部屋に入れた侍女が、新人のマリーだったと分かり、念を押す。

そして、そのことを秘密にする約束も。

マリーがうっかり口を滑らせて、両親から問い質されても、私は緊縛の魔法で説明できない。

無意味に苦しむのは嫌だった。


約束を取り付けながら身支度を整えていると、両親の帰りを告げる声がして騒がしくなる。

私も出迎えに玄関に向かった。


うちの両親は、仲がいい。

今日も朝からデートだ。

(お父様がデレデレしてるわ・・。)


そして、彼らと共に帰ってきた『彼』を見て、複雑な気持ちになる。

(ダグラス・・。)


ブラウンの髪に眼鏡をかけたダグラスは、我が家の若き執事だ。

ガルシア伯爵家に代々つかえてくれている一族の息子で、年が近いため私とは幼なじみとも言える。
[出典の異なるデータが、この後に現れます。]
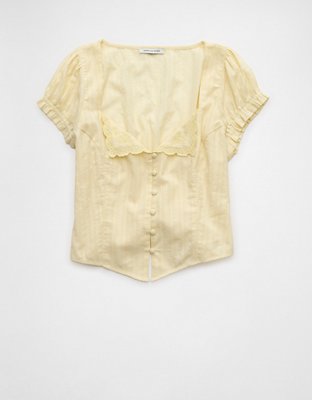 The Details Cap sleevesPlunge v-neck with lace detailCorset-inspired construction in bodice with hook and eye closureV hem Materials & Care 100% CottonMachine washImported Size &...
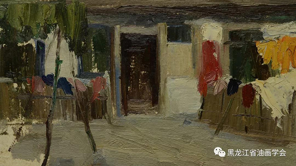 《農(nóng)家小院》 13.5×24cm 紙本油彩 1963
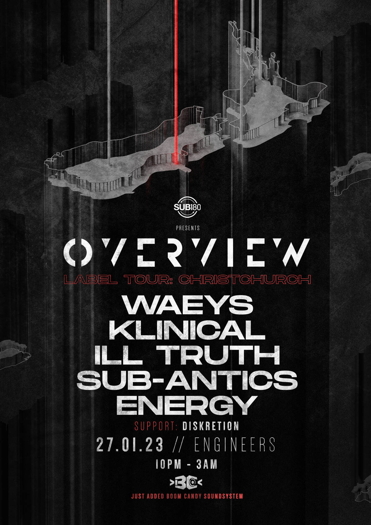 The Overview Label Tour (UK) hits Christchurch ft Waeys, Klinical, Ill Truth, Sub-Antics & Energy on one of the best soundsystems in NZ BOOM CANDY!
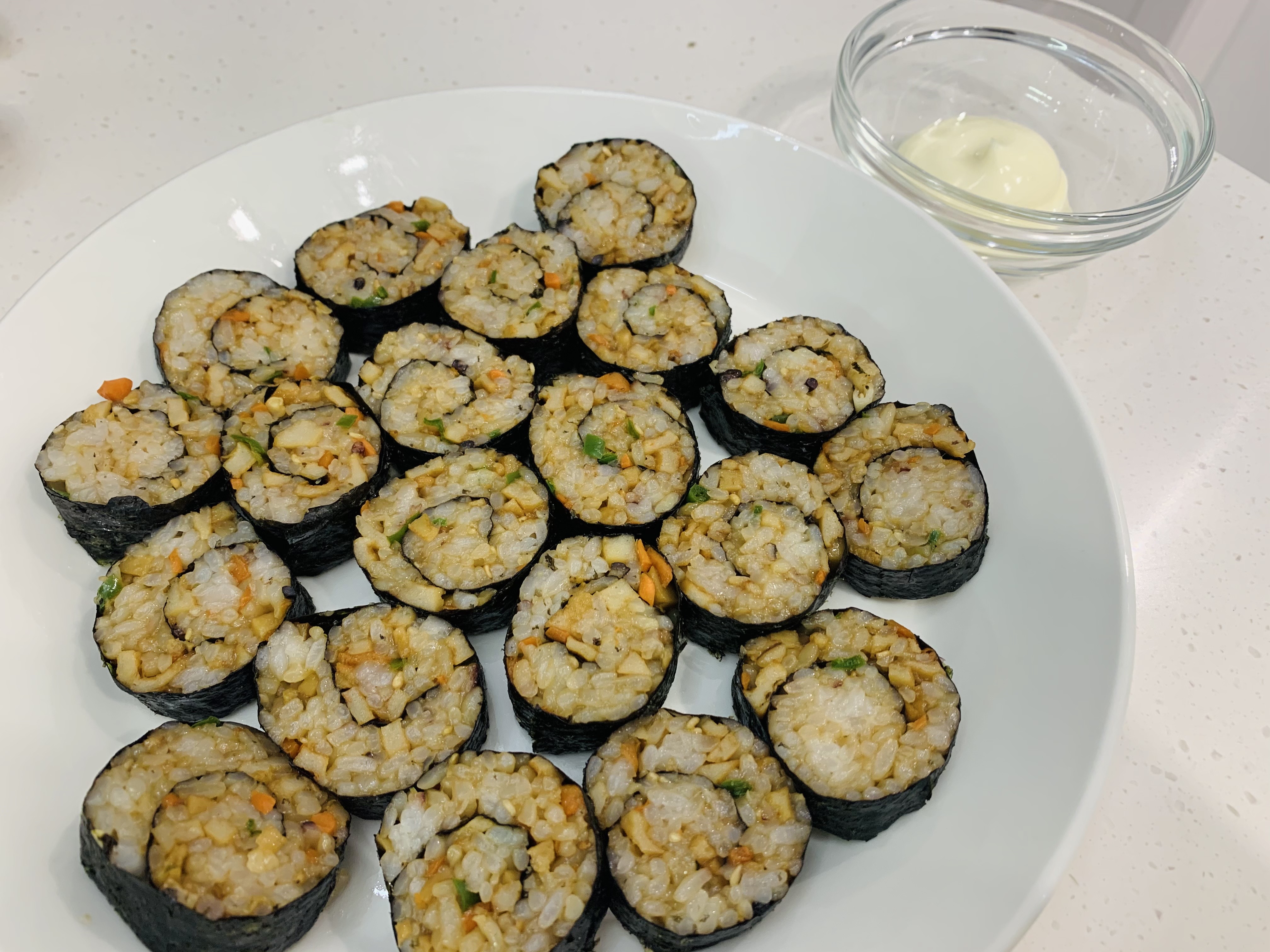 그러면 감칠맛 나는 매콤한 땡고추 김밥 완성!
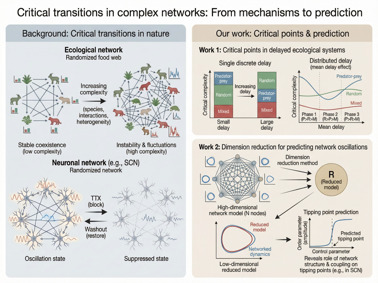 复杂系统功能涌现的临界点分析与预测:复杂系统功能通常在多尺度耦合和个体复杂的交互作用下涌现,准确地预测涌现临界点及其与系统关键参数、网络结构等重要属性间的关系有重要的科学价值。我们揭示了复杂生态系统由时滞诱导的稳定性新排序。此外,还建立了多时间尺度、复杂振荡系统的群体振荡涌现的分析框架和理论。(Physical Review Research 2023; PNAS Nexus 2025; SIADS 2026)
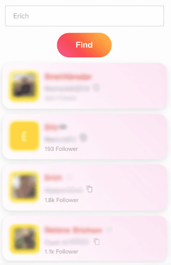Step 3: Click the Find button and wait while the tool searches for matching Snapchat users automatically, and view the list showing usernames, profile pictures, and details to identify the correct person easily.

(もう一人の攻略対象と正反対で、『おせおせ』のダグラスって言われてたっけ。)

ダグラスルートでは、セルシオはほとんど出てこない。好感度はもともと高い上に、好意を隠さずに伝え続ければ好感度マックスのハッピーエンドを迎える、初心者用の攻略対象だ。

ダグラスから意見を聞かれたら、素直に誉めて。

プレゼントは素直に喜ぶ。手を差しのべられたら素直に頼る。

駆け引きせずに、無邪気に好意を示していると、自然と愛してもらえる。


そう。ダグラス攻略は、むしろバッドエンドを目指す方が難しい。

そして、あえてのバッドエンドを迎えたプレイヤーにしか明かされない事実が存在する。

ダグラスは・・。


「お父様、お母様、お帰りなさい。お疲れさま、ダグラス。」

記憶が戻ってから初めて会う彼らに、できるだけいつもどおりを装い出迎える。

父も母も幸せそうだ。

まさか、娘の恋の行方が自分たちの命運を握るなんて、思ってもいないだろう。

そして、ダグラスは、よく見るとやつれた顔をしている。

私がダグラスルート、それもハッピーエンドに向かわなかった時点でダグラスには、ある役割が自動で割り振られてしまう。


「リーファは、セルシオが両親に渡す金と引き換えに結婚する。本人は本当は嫌がっているが、両親には逆らえない。セルシオはリーファを飼い殺しにする予定だ。結婚さえしてしまえば、リーファを自由にしてやってもいいが、両親が許さない。嫌ならば両親を亡き者にして、ダグラスが助け出してやるしかない。」

そんなことをじわじわとセルシオから言われ、半ば洗脳されて。

セルシオルートで両親の馬車に細工をするのは、ダグラスなのだ。

その事がわかるのは、先程もあったとおり、ダグラスのバッドエンドで本人から聞いたときだ。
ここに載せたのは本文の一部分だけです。